### [TASK TO CARRY OUT]
A partial copy is required: transcribe exactly the lines from the one containing "Camiseta estampada con" through the last line below, without any pictures.

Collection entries
══════════

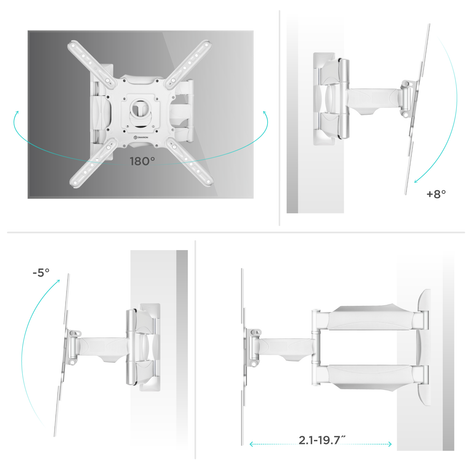M4 is fully adjustable, you can tilt your TV -5 deg ~ +8 deg, swivel 180 deg and set horizontal screen level from -4 deg to +4 deg. All these adjustments provide perfect viewing experience all the time.
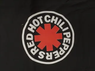 Camiseta estampada con el logo de Red Hot Chili Peppers. - Diseño circular con el nombre de la banda. - Estampado central en rojo y blanco.
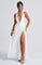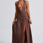 Este vestido destaca por sus sexys y elegantes detalles como su escote halter pronunciado, los tirantes que se unen en lazo en la parte posterior del cuello y su espalda baja en forma de V.
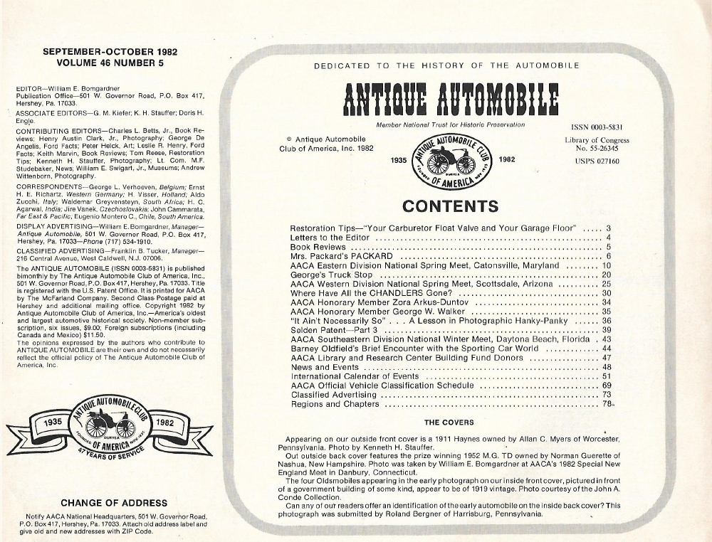 Reviews ANTIQUE AUTOMOBILE 1982 SEPT - '11 HAYNES, '52 M G, CHANDLERS
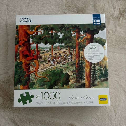 Pelikon 500 palan palapeli, jossa eri maalaisia postimerkkejä. Kaikki palat tallella ja pussitettu.

══════════

### [SOLUTION TO THIS PROBLEM]
 Camiseta estampada con el logo de Red Hot Chili Peppers. - Diseño circular con el nombre de la banda. - Estampado central en rojo y blanco.
 Este vestido destaca por sus sexys y elegantes detalles como su escote halter pronunciado, los tirantes que se unen en lazo en la parte posterior del cuello y su espalda baja en forma de V.
 Reviews ANTIQUE AUTOMOBILE 1982 SEPT - '11 HAYNES, '52 M G, CHANDLERS
 Pelikon 500 palan palapeli, jossa eri maalaisia postimerkkejä. Kaikki palat tallella ja pussitettu.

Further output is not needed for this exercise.